I am excited about comics, because I think they’re fun for youth. They are low-cost, accessible to those with low literacy and can spark emotion. And there was already evidence that graphic medicine, as it’s called, can be effective in health education. I liked that we were not just providing them with information, we were asking them: how would you complete the story?
Digital versions of the comics are available on the SSHINE Lab website.
Dr. Carmen Logie joined the Factor-Inwentash Faculty of Social Work in 2013 as an Assistant Professor and was promoted to full Professor in 2022. She is an Adjunct Scientist at Women’s College Research Institute, an Adjunct Professor at the United Nations University Institute for Water, Environment & Health, and a Research Scientist at the Centre for Gender & Sexual Health Equity. She holds the Canadian Research Chair in Global Health Equity and Social Justice with Marginalized Populations.
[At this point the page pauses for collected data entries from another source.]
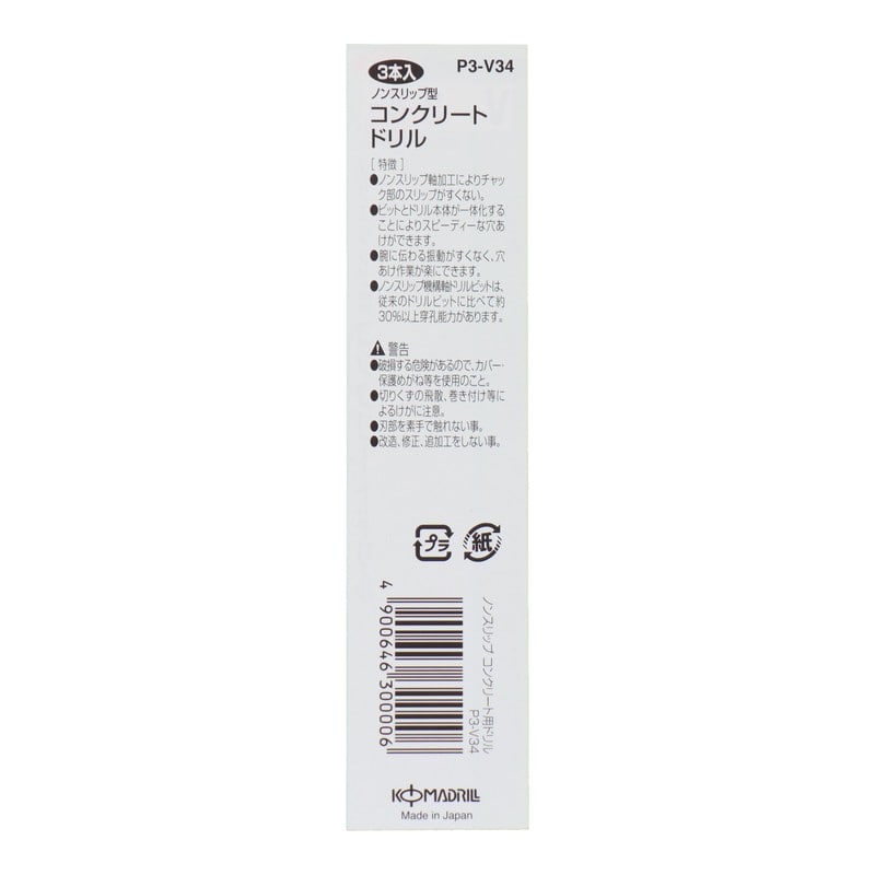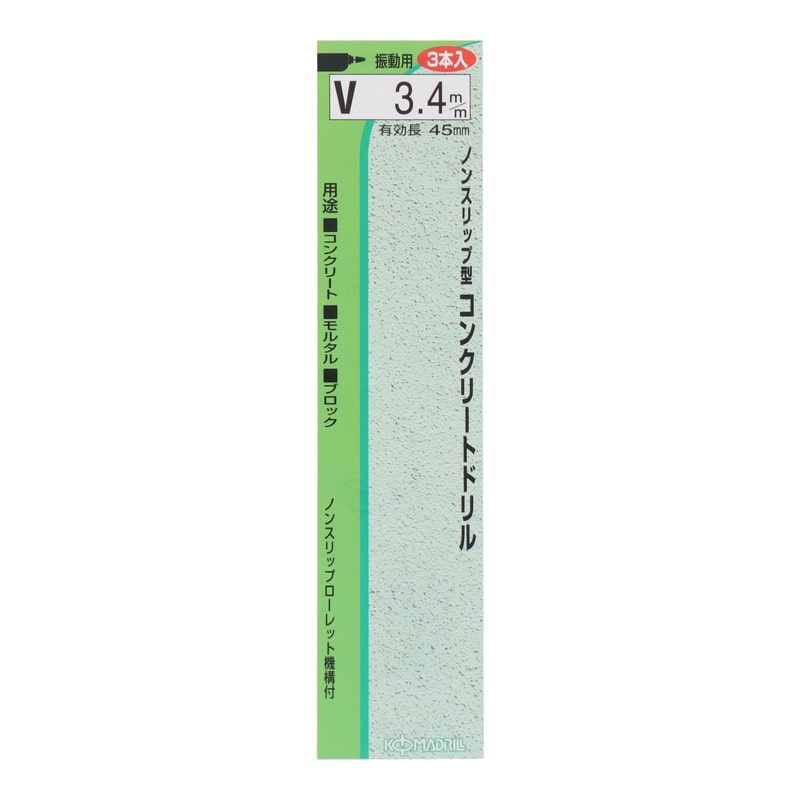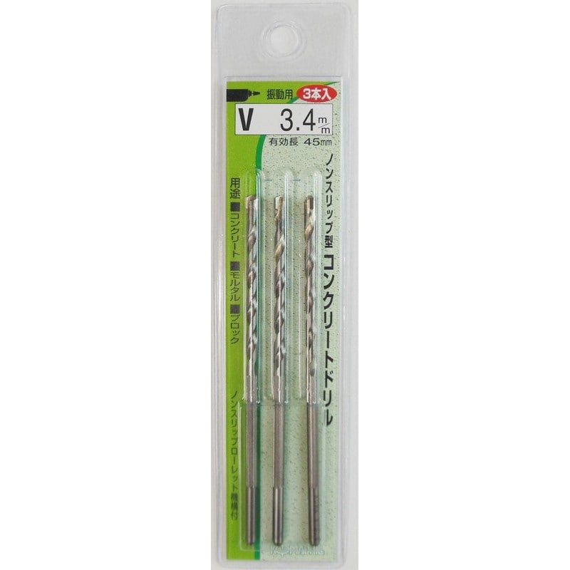 三共コーポレーション 4348609 ノンスリップ型コンクリートドリル3本入3.4mm P3-V34 1個(ご注文単位1個)【直送品】
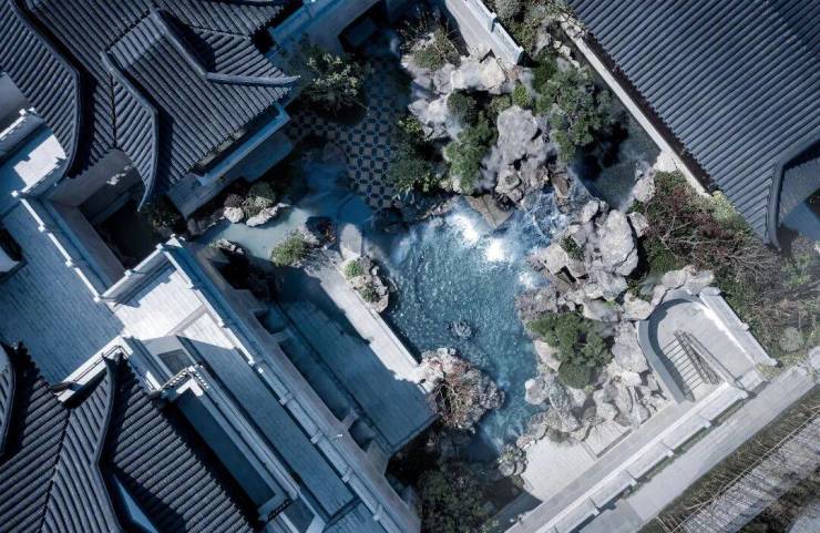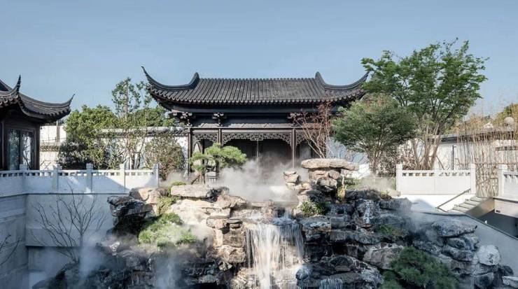 步入与山门之后,映入眼帘的是一座下沉式庭院,庭院下沉,原本平底阁楼,如今显得高耸入云。中有瀑布倾泻而下,其势有凌空之意,令观者顿生“江流天地外”的美感,叠石理水,亦有“山色有中无”的意境。
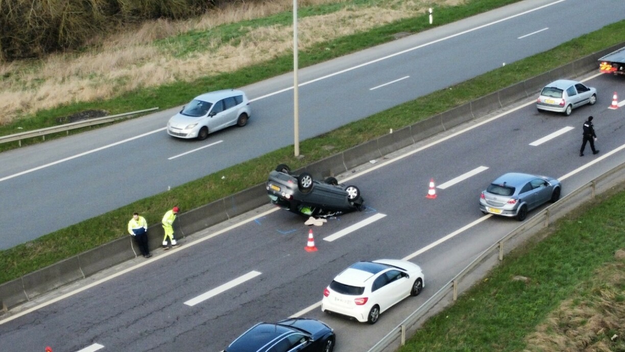 Wéi d’Police schreift, hat sech op der A13 op der Héicht vun der Ausfaart Nidderkäerjeng en Auto iwwerschloen, woubäi eng Persoun blesséiert gouf. D’Automobilistin vum accidentéierte Won koum liicht verletzt fir eng Kontroll an d’Spidol.
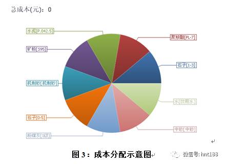 公司领导远程即可对原材采购数量、质量等进行实时监控,同时该系统还可以对生产成本的组成进行分析(图3),同时可以进行生产误差,车辆供应情况,原材质量情况,混凝土出厂数量,签收数量,混凝土质量情况进行全面分析,一目了然,便于决策。

Dr. Logie has been awarded funding from the Canadian Institutes of Health Research (CIHR), CIHR Clinical Trials Network, Social Sciences & Humanities Research Council of Canada, Grand Challenges Canada, Canada Research Chairs, and Canada Foundation for Innovation (CFI), to lead global research focused on sexual health and rights. She directs the CFI ‘Stigma & Sexual Health Interventions to Nurture Empowerment’ (SSHINE) Lab, collaborates with the World Health Organization (WHO) and was a guideline development member for the WHO Consolidated Guidelines on Self-care Interventions for Health: Sexual and Reproductive Health & Rights, including the Classification of self-care interventions for health: a shared language to describe the uses of self-care interventions.
Dr. Logie has published more than 240 articles, cited more than 9000 times; you can learn more about her publications here and here. She is Deputy Editor at the Journal of the International AIDS Society and on the Editorial Boards for Social Science & Medicine Mental Health and PLOS Global Health. Her latest book Working with Excluded Populations in HIV: Hard to Reach or Out of Sight? was published in 2021 as part of the Social Aspects of HIV Series. In 2020, Dr. Logie launched the ‘Everybody Hates Me: Let’s Talk About Stigma‘ podcast featuring stigma experts from across the world.